* [Task prompt] Copy every record verbatim but exclude the pictures.

Items from a dataset:
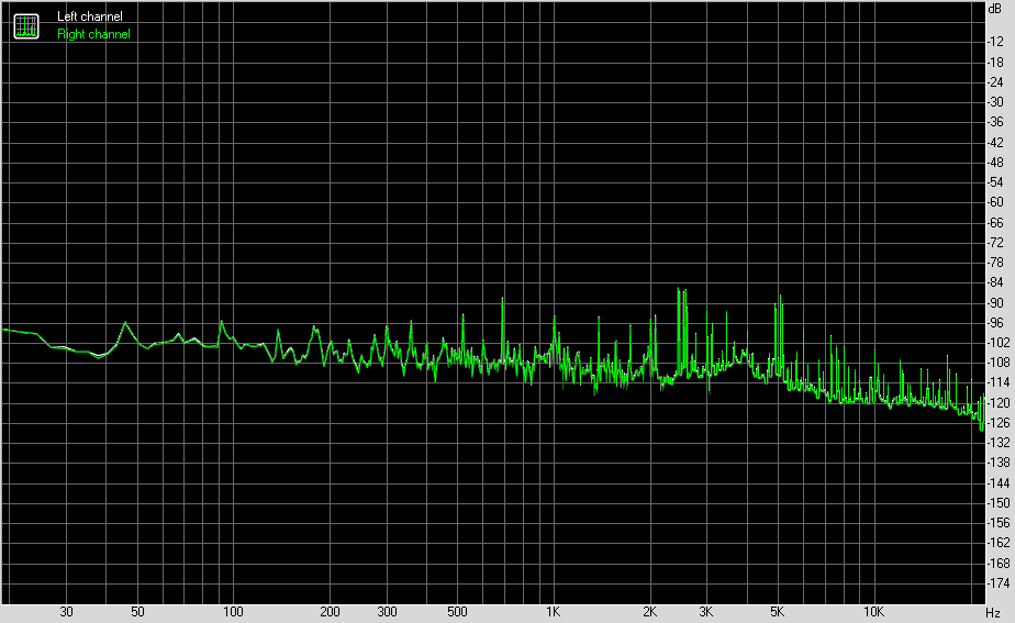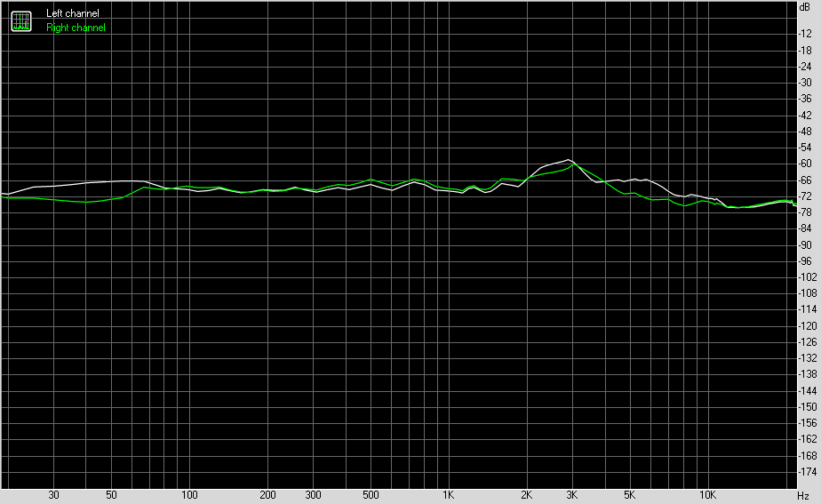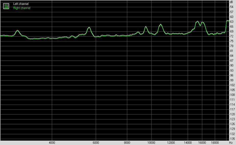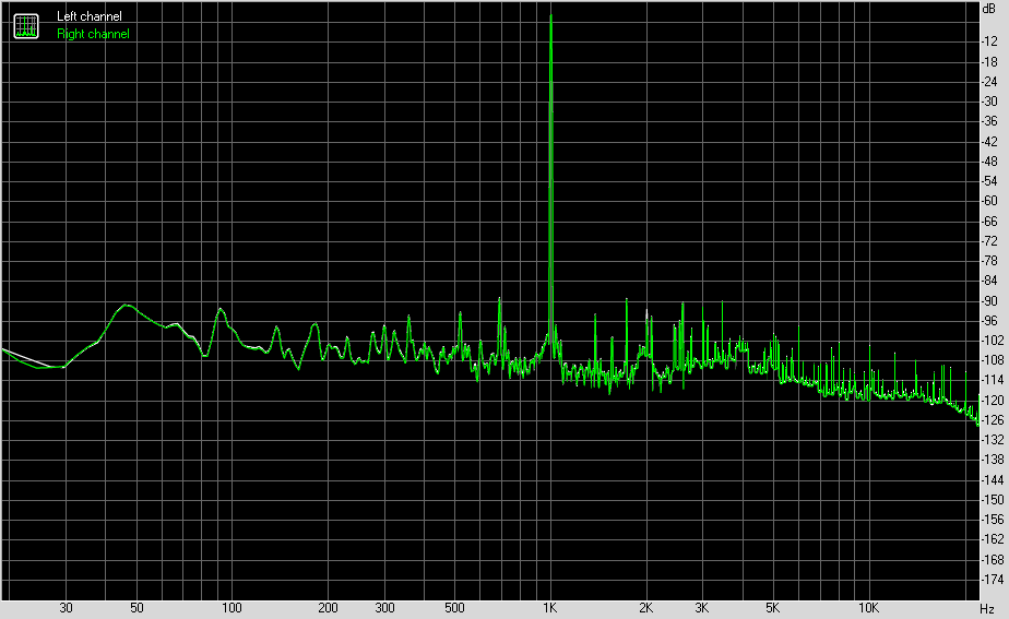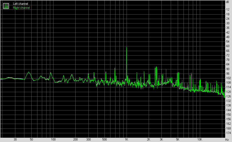 Для тестирования выходного звукового тракта, предназначенного для подключения наушников или внешней акустики, мы использовали внешнюю звуковую карту Creative E-MU 0202 USB в сочетании с утилитой RightMark Audio Analyzer 6.4.5. Тестирование проводилось для режима стерео, 24 бит/44,1 кГц. По результатам тестирования аудиотракт на плате получил оценку «Хорошо».
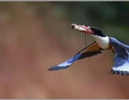 领地意识非常强,大多数的本土防卫措施是通过语音指令或呼声威慑对方。鸣声类似振动机械的敲击声。在两个伙伴之间则发生一种短尖叫威胁。寻找猎物的方法和其他翠鸟类似。该种迁移,尽管它们能够忍受北美气候中严酷的低温。 白腹鱼狗 主要食物包括鱼,大多是鳟鱼,杜父鱼和大西洋鲑鱼,通常消耗小鱼。当鱼稀缺时也吃软体动物,甲壳类动物,水生昆虫(蜻蜓),两栖动物,爬行动物,其他类幼鸟,小型哺乳动物和浆果。
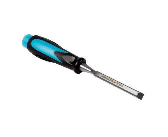 Стамеска-долото 8 мм с двухкомпонентной усиленной ударной рукояткой из CrV стали - удобный инструмент, при помощи которого можно работать с различными сортами древесины. Изделие обеспечивает высокую производительность за счет эргономичной рукоятки с рельефной поверхностью.
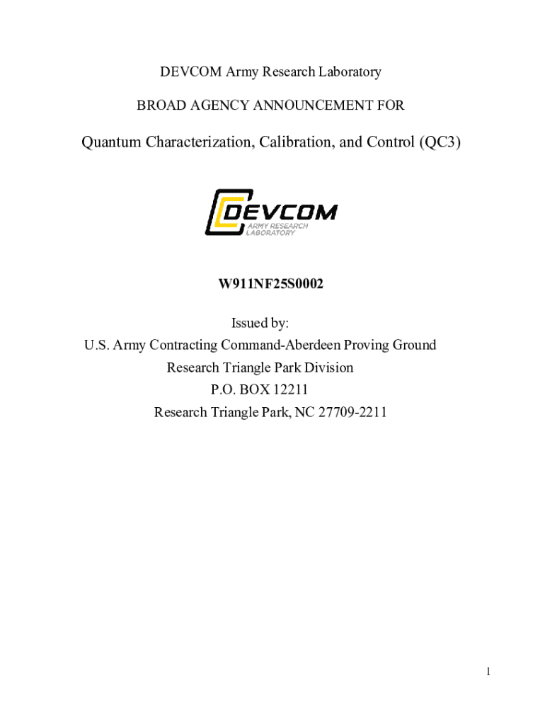 Get the free Broad Agency Announcement for Quantum Characterization, Calibration, and Control (qc3)
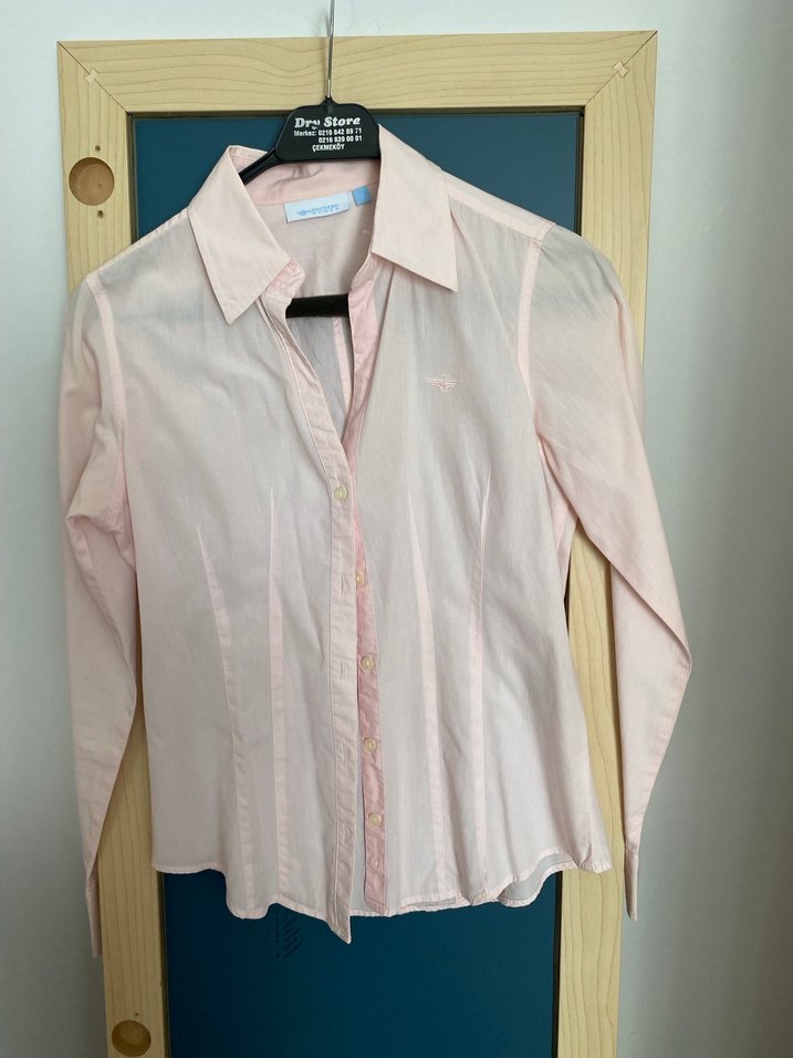 Pembe Düğmeli Pamuklu Kadın Gömlek
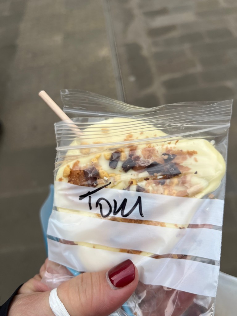 We left around 10 to walk up to the same area for our chocolate tour, but first we wanted to find some breakfast. We didn’t quite have enough time for a sit-down meal, so we went to a fabulous bakery. It was December 23rd, so you could tell people were preparing for their Christmas meals. It was hopping!
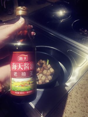 把准备好的葱姜蒜,八角倒进去炒几下,然后倒适量的生抽,老抽,料酒。
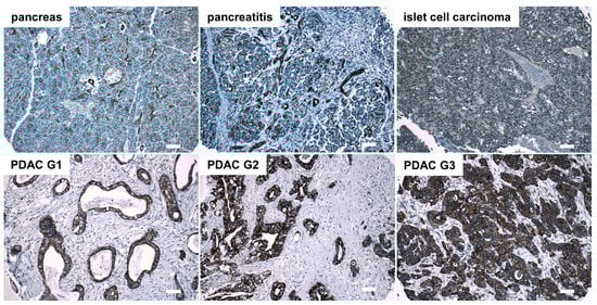 Immunohistochemical detection of SCTR in human normal pancreases, chronic pancreatitis, and islet cell carcinoma as well as in PDAC of histopathological grades G1, G2 and G3. Representative SCTR immunohistochemistry microphotographs are presented. Microscopic images were taken using a 10× objective, scale bars represent 100 µm. For higher magnification, see Supplementary Figure S3.
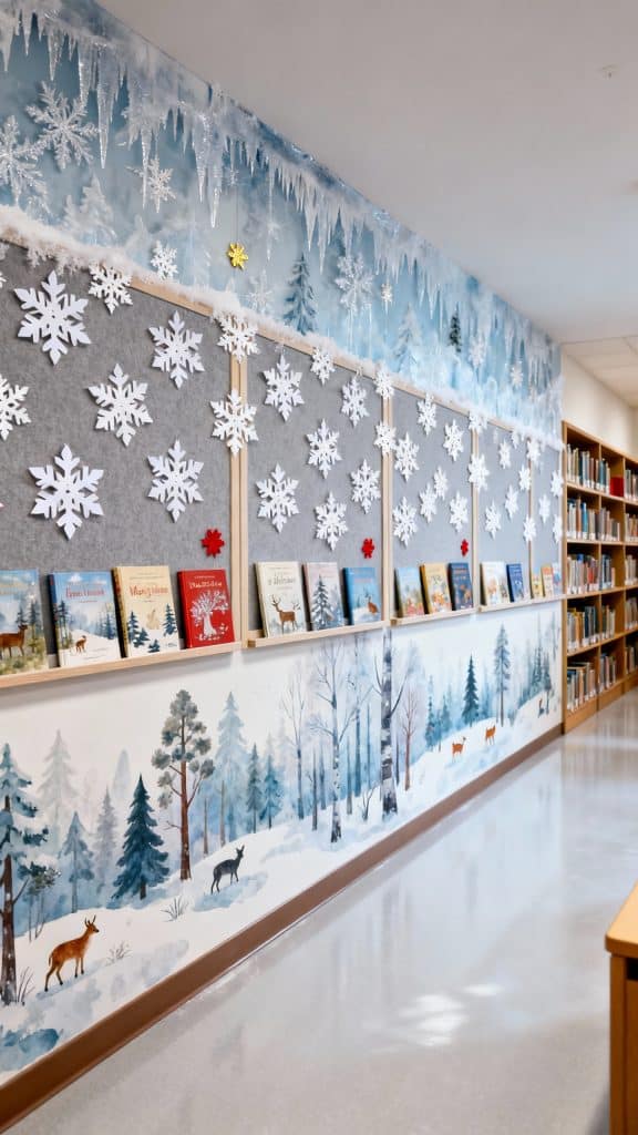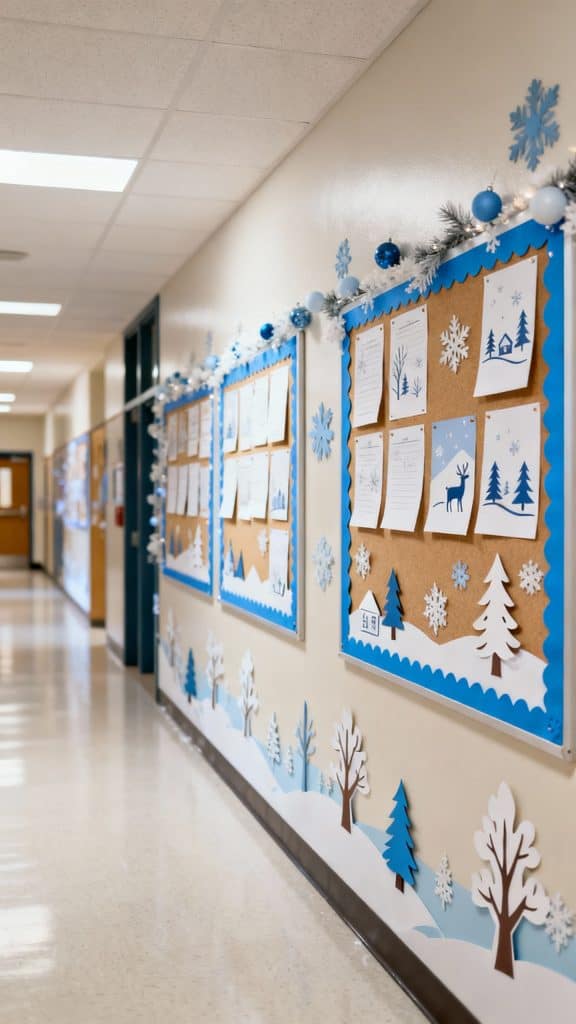 Snowy Winter Hallway With Happy Bulletin Boards And Soft Blue Decorations
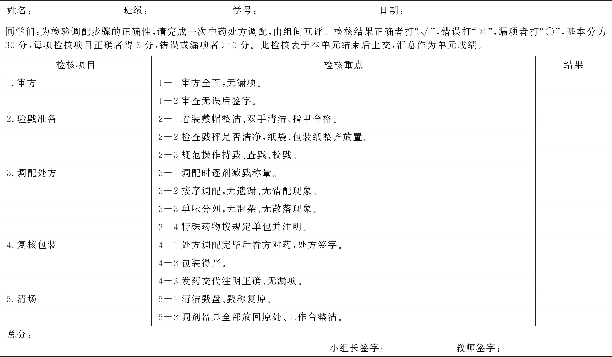 3.6.2 实作评量尺规表的构成要素:评量尺规表通常包括实作表名称、学生信息、指导语、评量项目、评量主体、评量标准、评定结果、备注或注意事项,以及签名和日期等信息。各部分信息的内涵如下:1)实作表名称应切合实作主体,应明示检核表或评量表。2)学生信息包括学生姓名、性别、班级、学号等。3)指导语是包括引导句、目的、做法、评量结果方式、历程及用途六部分,引导句是指问候语或引导评量的必要说明;目的是表述实作目标;做法是如何评分;评量结果方式是告知受评者评定检核结果的标示方式,如小组互评、教师评价等;历程是准备或实作的历程;用途是完成评量结果的用途。如表1中的指导语的包含因素为:为检验调配步骤的正确性(目的),请完成一次中药处方调配(历程),由组间互评(评量结果方式)。检核结果正确者打“√”,错误打“×”,漏项者打“○”,基本分为30分,每项检核项目正确者得5分,错误或漏项者计0分(做法)。此检核表于该单元结束后上交,汇总作为单元成绩(用途)。4)评量项目即实作层面与实际指标,即评量标准中的评量向度,即表1中的检核项目及检核重点,表2中的评量项目。5)评量主体即检核者,可以兼顾教师、学生、家长、企业指导教师等,实现多方共同参与评量。6)评定结果是打分数或评等级,可以采取多元评定结果,以鼓励表现较差学生,常用方式如下:①加符号的等级:在等级旁加注“+”、“-”或“上”、“下”,“+”、“上”代表用心或进步,符号越多代表越用心、越进步,“-”、“下”则代表不用心或退步,符号越多代表越不用心、越退步。②加评语的分数:教师在打分数后,对学生的努力程度或特殊情况给予适当的鼓励或提示,会具有更积极意义,如很好、不错、加油、改善等评语。6)备注或注意事项是用于补充其他信息不足之处,具有一定弹性,如涉及实作安全时,可警示学生注意安全,减少意外。
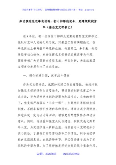 / 劳动模范先进事迹材料:初心如磐践使命,党建领航绽芳华(基层党支部书记)
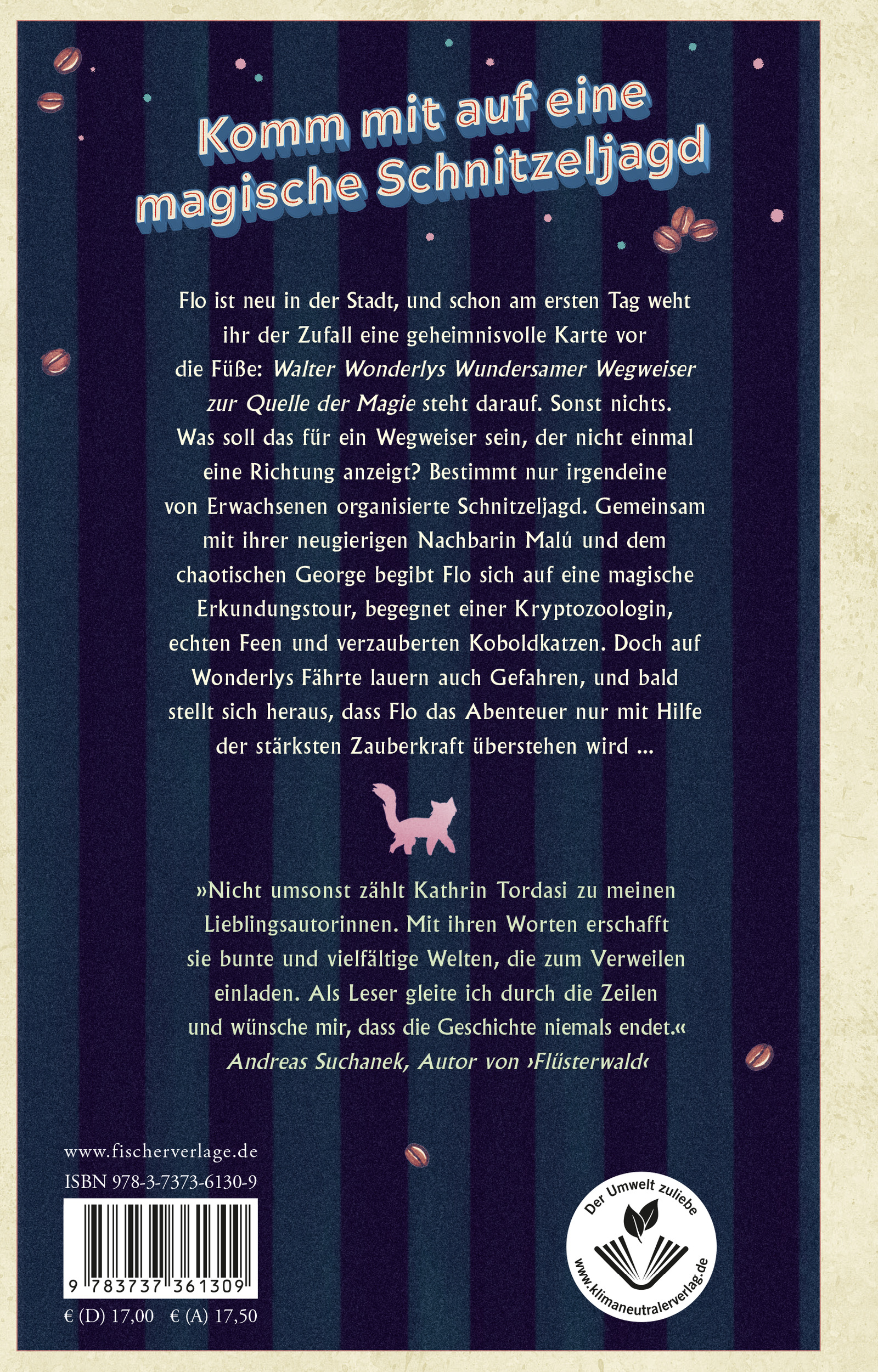 Flo ist neu in der Stadt, und schon am ersten Tag weht ihr der Zufall eine geheimnisvolle Schatzkarte vor die Füße: Walter Wonderly's Wundersamer Wegweiser zur Quelle der Magie steht darauf. Sonst nichts. Was soll das für ein Wegweiser sein, der nicht einmal eine Richtung anzeigt? Bestimmt nur irgendeine von Erwachsenen organisierte Schnitzeljagd. Gemeinsam mit ihrer neugierigen Nachbarin Malú und dem chaotischen George begibt Flo sich auf eine magische Erkundungstour, begegnet einer Kryptozoologin, echten Feen und verzauberten Koboldkatzen. Doch auf Wonderlys Fährte lauern auch Gefahren, und bald stellt sich heraus, dass Flo das Abenteuer nur mit Hilfe der stärksten Zauberkraft überstehen wird ...
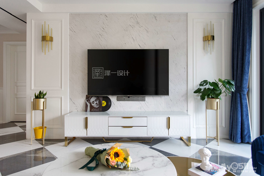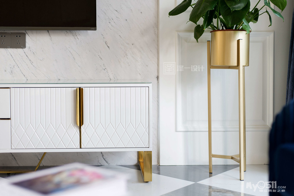 在边几、电视柜、茶几和软装配饰上,选择了充满质感的金色元素,给人一种恰到好处的奢侈感。

* [Your solution]
 Для тестирования выходного звукового тракта, предназначенного для подключения наушников или внешней акустики, мы использовали внешнюю звуковую карту Creative E-MU 0202 USB в сочетании с утилитой RightMark Audio Analyzer 6.4.5. Тестирование проводилось для режима стерео, 24 бит/44,1 кГц. По результатам тестирования аудиотракт на плате получил оценку «Хорошо».
 领地意识非常强,大多数的本土防卫措施是通过语音指令或呼声威慑对方。鸣声类似振动机械的敲击声。在两个伙伴之间则发生一种短尖叫威胁。寻找猎物的方法和其他翠鸟类似。该种迁移,尽管它们能够忍受北美气候中严酷的低温。 白腹鱼狗 主要食物包括鱼,大多是鳟鱼,杜父鱼和大西洋鲑鱼,通常消耗小鱼。当鱼稀缺时也吃软体动物,甲壳类动物,水生昆虫(蜻蜓),两栖动物,爬行动物,其他类幼鸟,小型哺乳动物和浆果。
 Стамеска-долото 8 мм с двухкомпонентной усиленной ударной рукояткой из CrV стали - удобный инструмент, при помощи которого можно работать с различными сортами древесины. Изделие обеспечивает высокую производительность за счет эргономичной рукоятки с рельефной поверхностью.
 Get the free Broad Agency Announcement for Quantum Characterization, Calibration, and Control (qc3)
 Pembe Düğmeli Pamuklu Kadın Gömlek
 We left around 10 to walk up to the same area for our chocolate tour, but first we wanted to find some breakfast. We didn’t quite have enough time for a sit-down meal, so we went to a fabulous bakery. It was December 23rd, so you could tell people were preparing for their Christmas meals. It was hopping!
 把准备好的葱姜蒜,八角倒进去炒几下,然后倒适量的生抽,老抽,料酒。
 Immunohistochemical detection of SCTR in human normal pancreases, chronic pancreatitis, and islet cell carcinoma as well as in PDAC of histopathological grades G1, G2 and G3. Representative SCTR immunohistochemistry microphotographs are presented. Microscopic images were taken using a 10× objective, scale bars represent 100 µm. For higher magnification, see Supplementary Figure S3.
 Snowy Winter Hallway With Happy Bulletin Boards And Soft Blue Decorations
 3.6.2 实作评量尺规表的构成要素:评量尺规表通常包括实作表名称、学生信息、指导语、评量项目、评量主体、评量标准、评定结果、备注或注意事项,以及签名和日期等信息。各部分信息的内涵如下:1)实作表名称应切合实作主体,应明示检核表或评量表。2)学生信息包括学生姓名、性别、班级、学号等。3)指导语是包括引导句、目的、做法、评量结果方式、历程及用途六部分,引导句是指问候语或引导评量的必要说明;目的是表述实作目标;做法是如何评分;评量结果方式是告知受评者评定检核结果的标示方式,如小组互评、教师评价等;历程是准备或实作的历程;用途是完成评量结果的用途。如表1中的指导语的包含因素为:为检验调配步骤的正确性(目的),请完成一次中药处方调配(历程),由组间互评(评量结果方式)。检核结果正确者打“√”,错误打“×”,漏项者打“○”,基本分为30分,每项检核项目正确者得5分,错误或漏项者计0分(做法)。此检核表于该单元结束后上交,汇总作为单元成绩(用途)。4)评量项目即实作层面与实际指标,即评量标准中的评量向度,即表1中的检核项目及检核重点,表2中的评量项目。5)评量主体即检核者,可以兼顾教师、学生、家长、企业指导教师等,实现多方共同参与评量。6)评定结果是打分数或评等级,可以采取多元评定结果,以鼓励表现较差学生,常用方式如下:①加符号的等级:在等级旁加注“+”、“-”或“上”、“下”,“+”、“上”代表用心或进步,符号越多代表越用心、越进步,“-”、“下”则代表不用心或退步,符号越多代表越不用心、越退步。②加评语的分数:教师在打分数后,对学生的努力程度或特殊情况给予适当的鼓励或提示,会具有更积极意义,如很好、不错、加油、改善等评语。6)备注或注意事项是用于补充其他信息不足之处,具有一定弹性,如涉及实作安全时,可警示学生注意安全,减少意外。
 / 劳动模范先进事迹材料:初心如磐践使命,党建领航绽芳华(基层党支部书记)
 Flo ist neu in der Stadt, und schon am ersten Tag weht ihr der Zufall eine geheimnisvolle Schatzkarte vor die Füße: Walter Wonderly's Wundersamer Wegweiser zur Quelle der Magie steht darauf. Sonst nichts. Was soll das für ein Wegweiser sein, der nicht einmal eine Richtung anzeigt? Bestimmt nur irgendeine von Erwachsenen organisierte Schnitzeljagd. Gemeinsam mit ihrer neugierigen Nachbarin Malú und dem chaotischen George begibt Flo sich auf eine magische Erkundungstour, begegnet einer Kryptozoologin, echten Feen und verzauberten Koboldkatzen. Doch auf Wonderlys Fährte lauern auch Gefahren, und bald stellt sich heraus, dass Flo das Abenteuer nur mit Hilfe der stärksten Zauberkraft überstehen wird ...
 在边几、电视柜、茶几和软装配饰上,选择了充满质感的金色元素,给人一种恰到好处的奢侈感。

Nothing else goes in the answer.